Intel oneAPI is a comprehensive, open development platform built for heterogeneous and accelerated computing. It allows developers to target CPUs, GPUs, and specialized accelerators using a single, consistent programming approach. With optimized libraries like oneDNN and oneMKL, oneAPI enhances AI inference, machine learning, and high-performance computing workflows. The platform supports modern programming models such as SYCL, OpenMP, OpenMPI, and Data Parallel C++ to enable scalable hybrid parallelism. Developers can migrate existing CUDA-based applications more easily using compatibility and auto-migration tools. oneAPI delivers performance and productivity across client devices, enterprise servers, and cloud environments. Its tools help analyze workloads, optimize GPU offloading, and improve memory efficiency. By leveraging open specifications, oneAPI promotes cross-vendor collaboration and long-term portability. The ecosystem includes extensive documentation, training, and community support. oneAPI is designed to meet the demands of modern applications that combine AI and advanced computation.

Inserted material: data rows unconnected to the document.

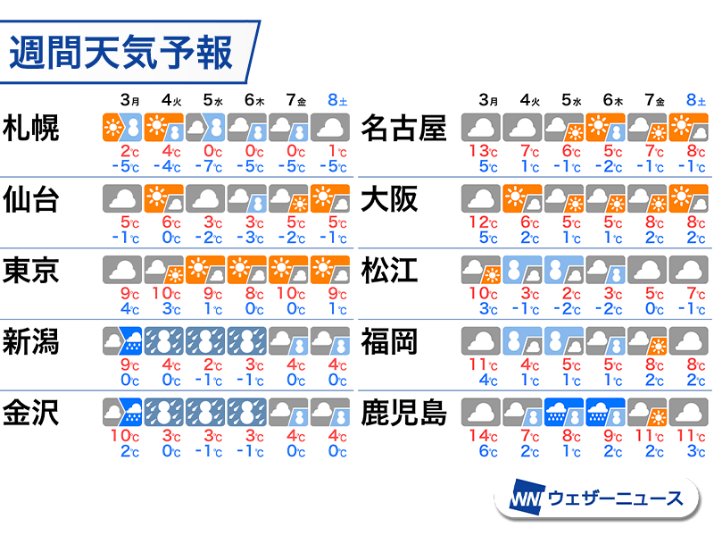 晴れる関東も最高気温が10℃以下の日が多く、朝晩は都市部でも0℃くらいまで下がるとみられます。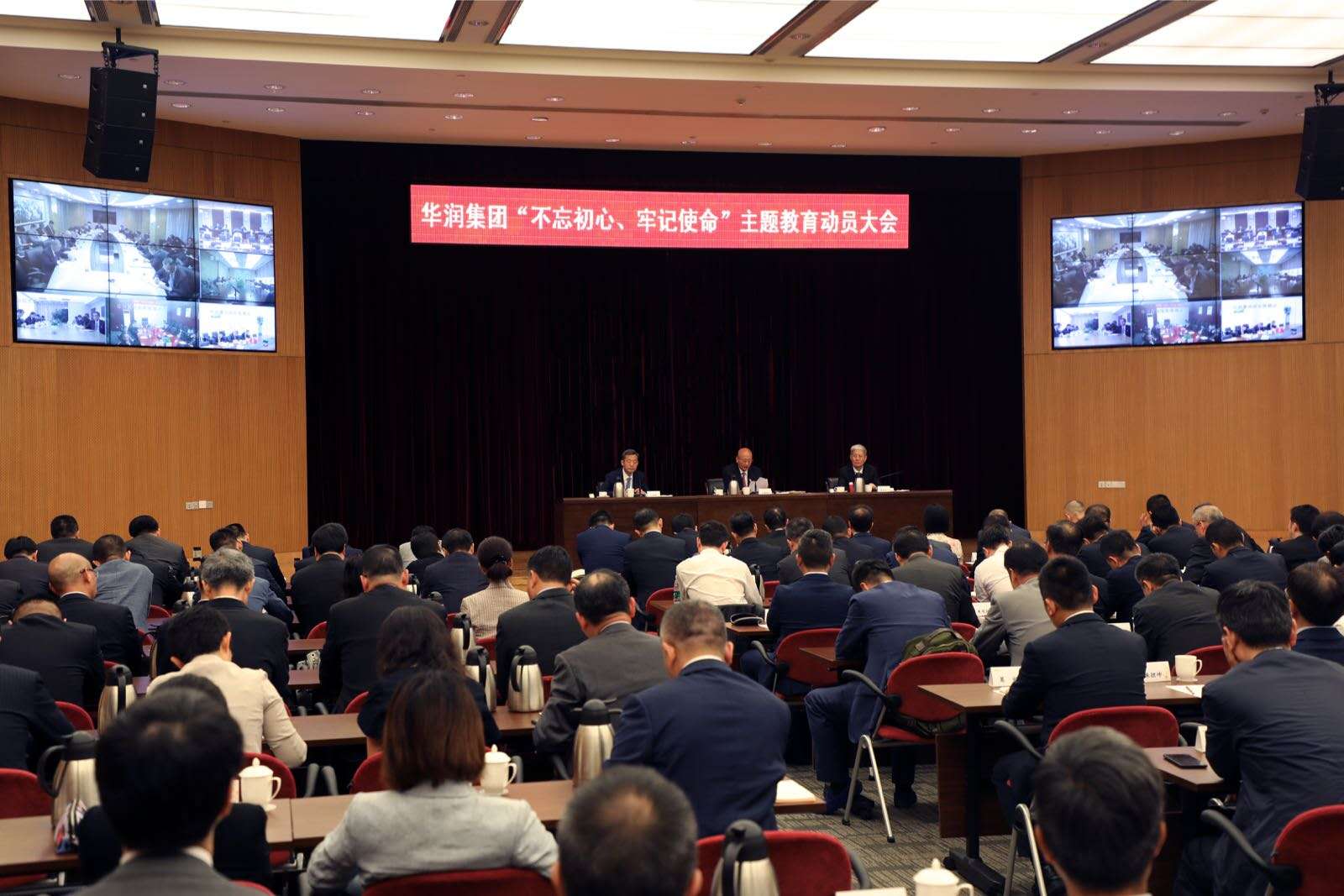 6月6日中国华润在深圳召开“不忘初心、牢记使命”主题教育动员大会,学习贯彻习近平总书记在“不忘初心、牢记使命”主题教育工作会议上的重要讲话精神,对华润开展主题教育工作进行动员和部署。中国华润董事长傅育宁做动员讲话。 “不忘初心、牢记使命”主题教育中央第三十三指导组组长牛锡明出席会议并讲话,指导组部分同志出席会议。中国华润总经理王祥明主持会议。集团管理团队成员、近三年退出集团管理团队的老同志、集团总部部室和各二级单位管理团队成员以及部分职工代表共300人参加会议。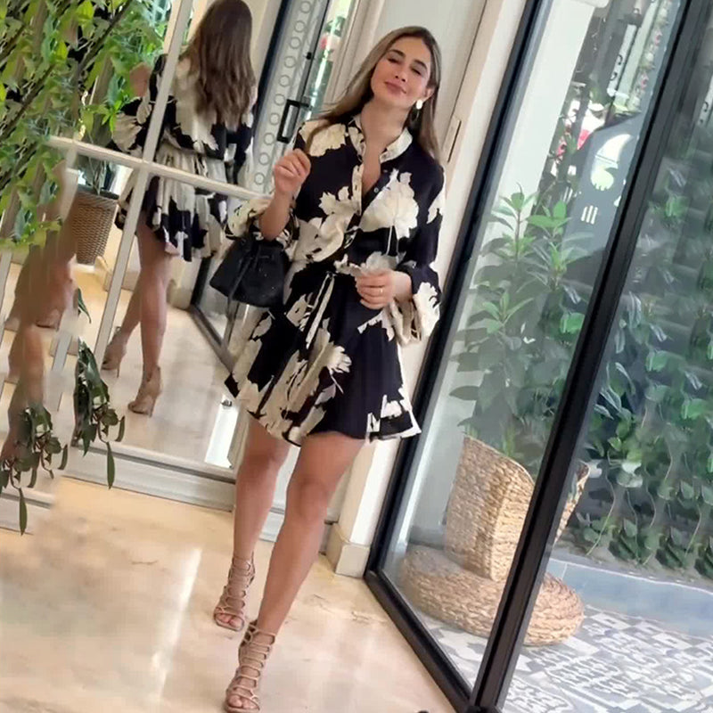 PRINTED FABRIC WITH ELEGANT DETAILS- The exquisite printed fabric adds a unique and eye-catching element to this dress. The intricate pattern gives an artistic and vintage feel, bringing a sense of style and personality to your closet.

SYCL is an open, royalty-free programming standard established by the Khronos Group that facilitates heterogeneous and offload computing in modern ISO C++ by offering a unified abstraction layer where host and device code are integrated within the same C++ source file, targeting various devices such as CPUs, GPUs, FPGAs, and other accelerators. Serving as a C++ API, SYCL enhances the productivity and portability of heterogeneous computing by leveraging standard language constructs like templates, inheritance, and lambda expressions, enabling developers to effectively manage data and execution across different hardware platforms without the need for proprietary languages or extensions. Furthermore, SYCL expands upon the principles of acceleration backends like OpenCL and allows for seamless integration with other technologies, ensuring a consistent language framework, APIs, and ecosystem that simplify the processes of locating devices, managing data, and executing kernels efficiently. This adaptability makes SYCL an appealing choice for developers seeking a versatile solution in the evolving landscape of heterogeneous computing.

The ASUS EndoAim AI Endoscopy System represents a state-of-the-art, compact artificial intelligence tool tailored to support gastroenterologists in the identification and categorization of polyps during colonoscopy examinations. By leveraging Intel Core processors alongside the OpenVINO toolkit, EndoAim achieves a remarkable processing rate of 60 frames per second with a latency of under 70 milliseconds, facilitating swift detection of polyps, including those that are particularly small or challenging to find. The system visually highlights potential polyps on the display screen and classifies them as either adenoma or non-adenoma, thus providing immediate feedback to healthcare professionals. Moreover, EndoAim includes a convenient one-click feature for size measurement, which enhances the evaluation of polyp dimensions without relying on traditional visual estimation techniques. This innovative system integrates effortlessly with existing colonoscopy setups, necessitating only a mini PC as additional hardware, and has already seen implementation in more than 30 medical facilities across Taiwan. Its widespread adoption underscores the growing reliance on AI technologies in improving diagnostic accuracy in gastroenterological practices.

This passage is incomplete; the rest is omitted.